From the entries below, write out exactly the lines between the line holding "Woman holding a" and the line holding "Explore the world", inclusive, excluding any pictures.

§ **Dataset records**
______________________________
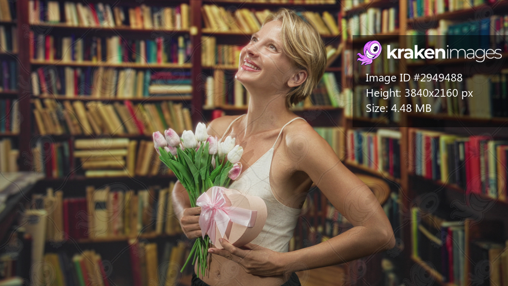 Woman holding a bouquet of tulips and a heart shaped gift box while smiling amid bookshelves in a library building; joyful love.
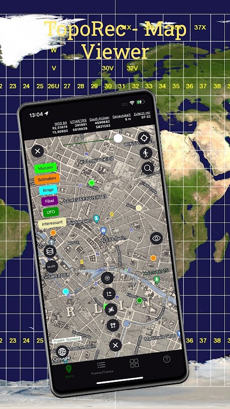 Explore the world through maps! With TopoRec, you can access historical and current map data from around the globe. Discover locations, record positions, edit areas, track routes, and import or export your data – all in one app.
______________________________
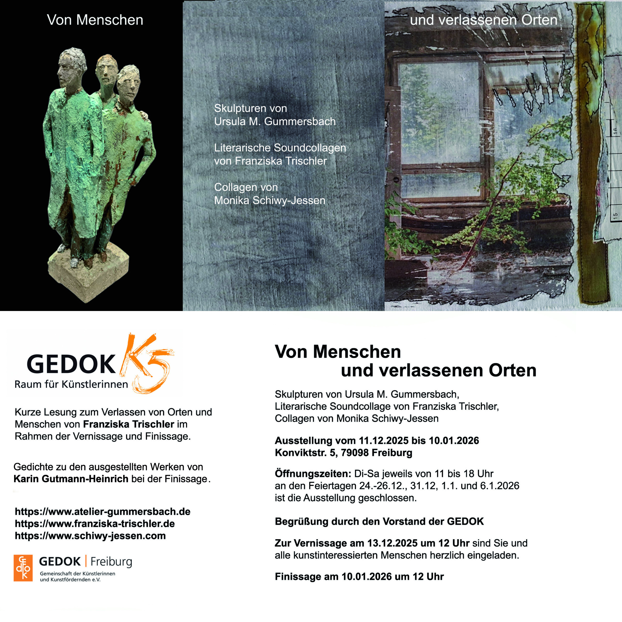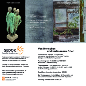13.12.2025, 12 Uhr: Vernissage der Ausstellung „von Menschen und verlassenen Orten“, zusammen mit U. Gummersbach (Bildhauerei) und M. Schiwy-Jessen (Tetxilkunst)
______________________________
§ **Task solution**
 Woman holding a bouquet of tulips and a heart shaped gift box while smiling amid bookshelves in a library building; joyful love.
 Explore the world through maps! With TopoRec, you can access historical and current map data from around the globe. Discover locations, record positions, edit areas, track routes, and import or export your data – all in one app.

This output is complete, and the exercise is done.